Notice again as Jesus works in His teaching to show the progress our union with Him makes and the purpose for which it transpires. The progress of our union with Christ is many-fold: perseverance in suffering and persecution, God-ordained fruit, answered prayer, enhanced witness, experiencing the love of Christ, complete joy, and ultimately God’s glory, in which we get to share. Jesus uses this word “remain,” or, in some translations, “abide,” numerous times in this chapter. We need to be careful with it, because some use it to speak of a spiritual experience that only some achieve – a level of holiness and blessing and sanctification that is beyond the warfare and spiritual struggle where most of us are. Jesus clearly teaches that in this world, we are never beyond struggle. To abide in Jesus is to cling to His love and His word – even in these times of struggle that each of us face. And in clinging to His love and His word, we learn the method of perseverance and sanctification – obey His commands.
Do you get joy from obeying God’s commands? Jesus did! For the joy set before Him, He endured the cross. He knew what He was buying, and He did it with pure Selflessness. We should enjoy obeying – for His glory, never for our own; for we must always remember that apart from Jesus, we can do nothing. Augustine once prayed, “Lord, the good in me, You wrought; everything else is my fault.” And this is true. When we fend off an attack from Satan, it is by grace – for surely we are too weak to win on our own. But when we yield to the enemy, we prove our weakness and learn to be ever repenting to trust Christ alone. He’s the One who obeyed the Law on our behalf. Indeed, trusting Him alone, abiding in Him, remaining in Him, is the obedience required (Romans 1:5; 2 Corinthians 5:21). Lastly, the whole reason for Jesus to explain this to His disciples is that their joy might be complete. The Gospel of salvation by grace is indeed cause for great joy!

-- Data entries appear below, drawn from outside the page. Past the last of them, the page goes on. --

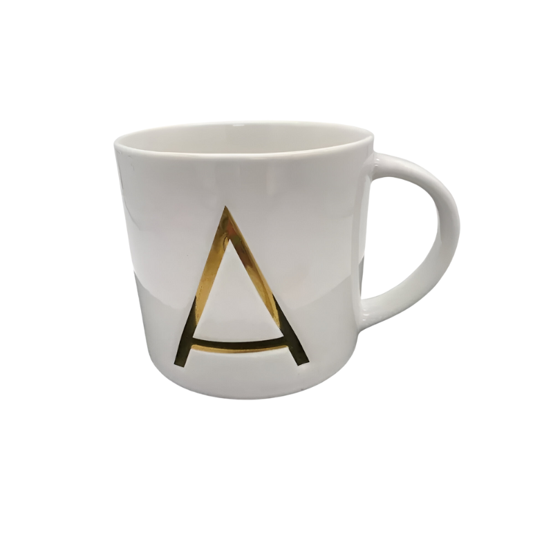 Sip your favorite coffee, tea, or hot cocoa in style with this 15oz Coffee Mug With A Print. Featuring a beautifully crafted gold "A" on a classic white ceramic base, this 15oz mug adds a personal touch to your daily routine or makes a thoughtful gift for someone special. Its timeless design blends seamlessly with any kitchen or office decor, combining both luxury and practicality.
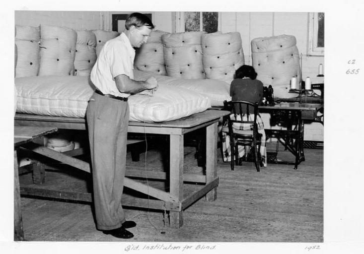 Keywords: Queensland State Archives 4484 Queensland Institution for Blind bed shop August 1952.png en Queensland Institution for Blind bed shop Queensland Blind Deaf and Dumb Institute 1952-08 http //www archivessearch qld gov au/Image/DigitalImageDetails aspx ImageId 4484 Preferred citation Queensland State Archives Digital Image ID 4484 ID label 1269829 http //www archivessearch qld gov au/Search/AgencyDetails aspx AgencyID 1995 Lands Department Survey Office Cartographic Branch Photographic Section en Copyright expired Information field Decade 1950-1959 Information field Place en Brisbane City Information field Material Type en Photographic material Information field Type en Image PD-Australia QSA media uploaded by User 99of9 Photographic material from the Queensland State Archives 1952 in Queensland Queensland Blind Deaf and Dumb Institute Mattresses Workshops in Queensland |
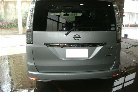 セレナのリアバンパー、バックドアなどの凹みを板金にて修理、パーツ交換などを行いました。
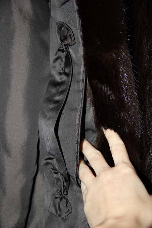 неизбитая модель - рукав с манжетом, воротник шаль, края закруглены, внутри есть карман, 2 крючка, есть внешние карманы, внутри как бархатные, рукам приятно)
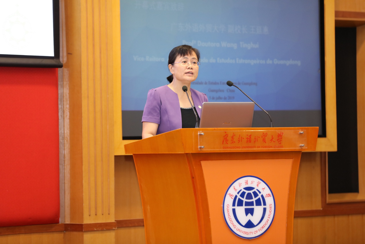 王廷惠在开幕式致辞中首先回顾了广外葡萄牙语专业成立十年来取得的丰硕成果,充分肯定此次论坛“是一次促进合作、协同力量、增进同行友谊的精神盛会”。她指出,“一带一路”倡议的不断推进和粤港澳大湾区建设全面发展对中国的葡萄牙语语言文化研究,特别是葡萄牙语语言对象国研究、中国与葡萄牙语国家关系研究提出了新的要求,期待葡萄牙语学界为中国与葡萄牙语国家交流与合作提供智力支持和人才保障。
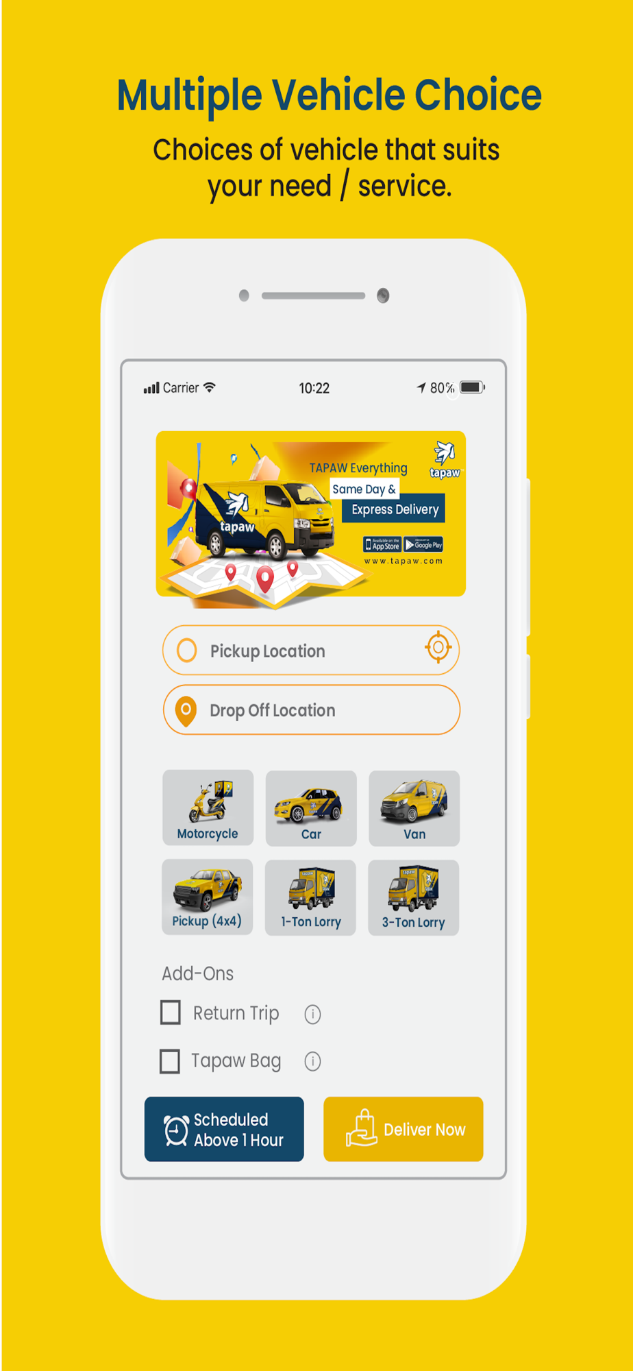 We Tapaw everything for you! Start downloading now and enjoy your hassle-free delivery experience with us!
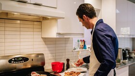 Измийте и подсушете марулята. С помощта на ренде отрежете една или две много тънки филийки лук (можете да използвате нож, ако режете внимателно). Добавете свежи подправки по ваш избор.
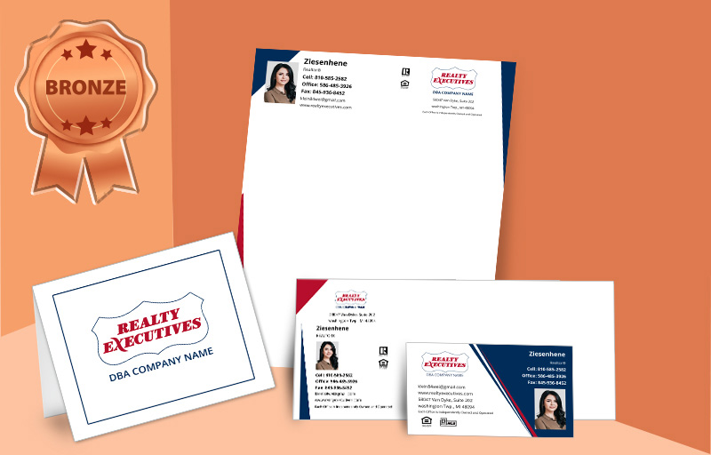 An agent bronze starter kit has 250 business cards, 250 letterheads, 250 #10 envelopes and 50 standard folded note cards with envelopes. All you need to do is design your business card and we will craft your entire package for you.

We certainly must strive to love God first (our priority), but it is impossible to love God without loving each other. Thus, the two objects of our love (God and others) are not prioritized by which happens first – loving each occurs simultaneously.
Once again, Jesus repeats His great commandment, to love even as He loved, a commandment that includes the whole law in its very essence (Romans 13:10). But, whereas the outward commandments of the law, written on stone, might be done in a superficial way by anyone, this commandment of Christ-like love is utterly impossible to the natural man. Anyone weighing his works against this standard will find them all as filthy rags (Isaiah 64:6)! But Jesus does not leave them without comfort in this impossible task – instead, He reminds them that they did not choose Him, but Jesus chose them; and He is certainly able to do what we are unable to do. Yes, His commandments are too great for us. But we ought not despair, but rather be full of faith, first, because He has invincibly determined to produce good fruits in us who have believed (Ephesians 2:10), and second, because He has given us His Spirit to open our hearts to His unfailing love. Through our immersion in the Word of God, the Spirit will bring to our minds what Jesus has said and will begin to change us into that image revealed to us in the face of Jesus – and in this way, our joy will be complete (v11).

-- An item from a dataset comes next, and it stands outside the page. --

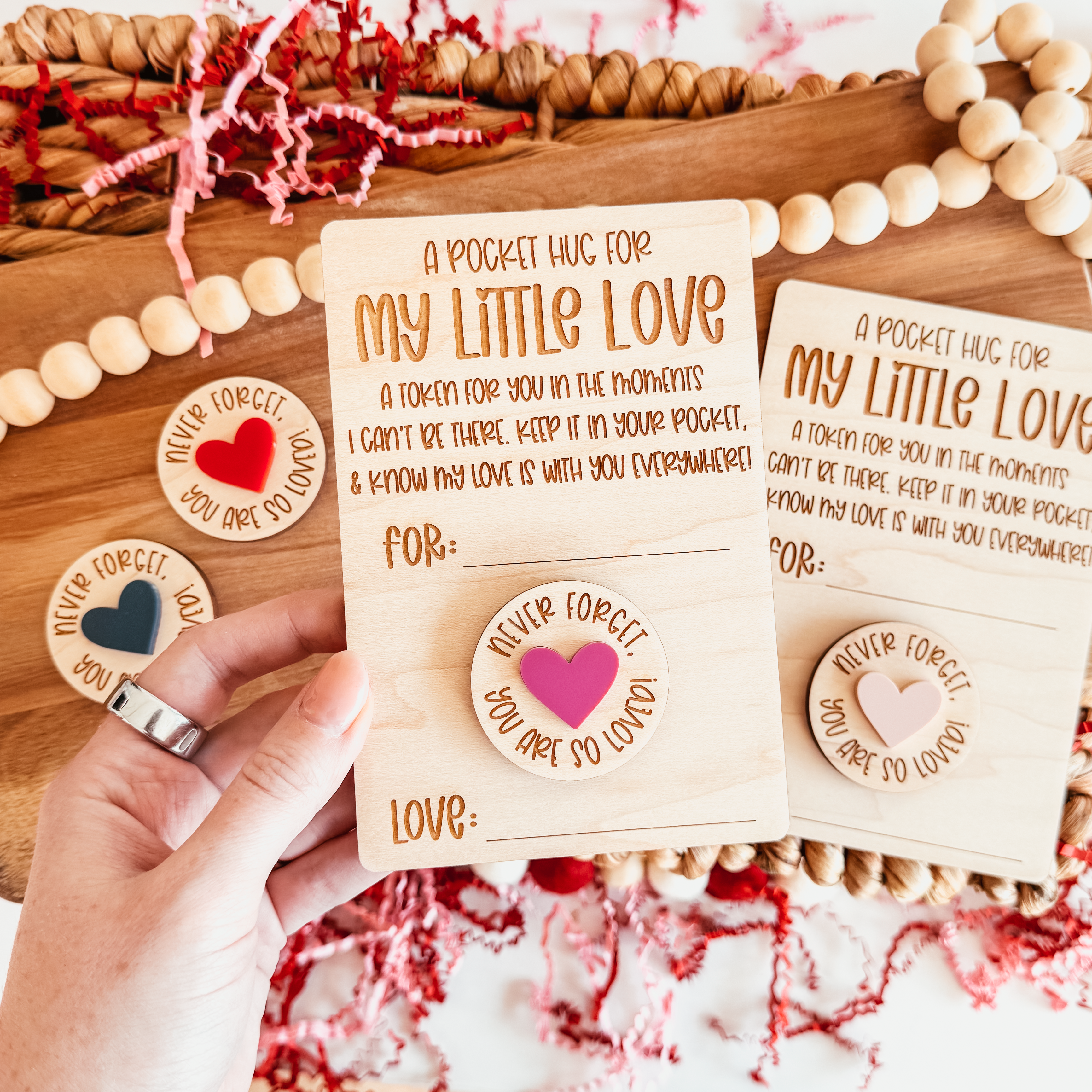 This cute little wooden Pocket Hug token is the perfect little gift to let someone know you care! Gifting ideas: *Tucked into a child’s lunch box, backpack, or purse *First day of school gift *Snuck into a friends bag or desk *Added to a gift bag or basket *A going away gift for a special person. Pocket Hug measures about 1.5” Card backing is a standard business card size of 3.5 inches wide by 2 inches tall and printed on eco-friendly recycled paper. Each pocket hug is individually packaged.

Our relationship with Jesus is so close that He calls us friends. “What a friend we have in Jesus!” But a question arises as Romans 5:8,10 declares that Jesus died for us while we were still sinners and God’s enemies. How can we be both friends and enemies simultaneously? Martin Luther never could wrap his brain around this mystery, declaring in Latin, “Simul justus et peccator” – at the same time, saint and sinner.
The second half of v15 is interesting too. Jesus says this: “Everything that I learned from My Father I have made known to you.” He’s saying that there is nothing we need to know in relation to the message of the gospel that has gone unsaid. Jesus has forwarded to His disciples every detail that the Father wanted Him to convey. We have all that we need; let us eat the food of Jesus and be satisfied (Mark 6:42). The second half of v16 again declares that Jesus’ disciples will receive whatever they ask in Jesus’ name, in accordance with their bearing of lasting fruit. Again, we think of Ephesians 2:10. It is God who gives growth (1 Corinthians 3:7). Thus we guard against pride in our labor on one hand and failure to pray diligently on the other hand. And finally, v17 calls specifically these disciples of Jesus, as ministers of the gospel, to love each other – working together for the building up of the Church, not multiple heaps, but one great mountain to the glory of God.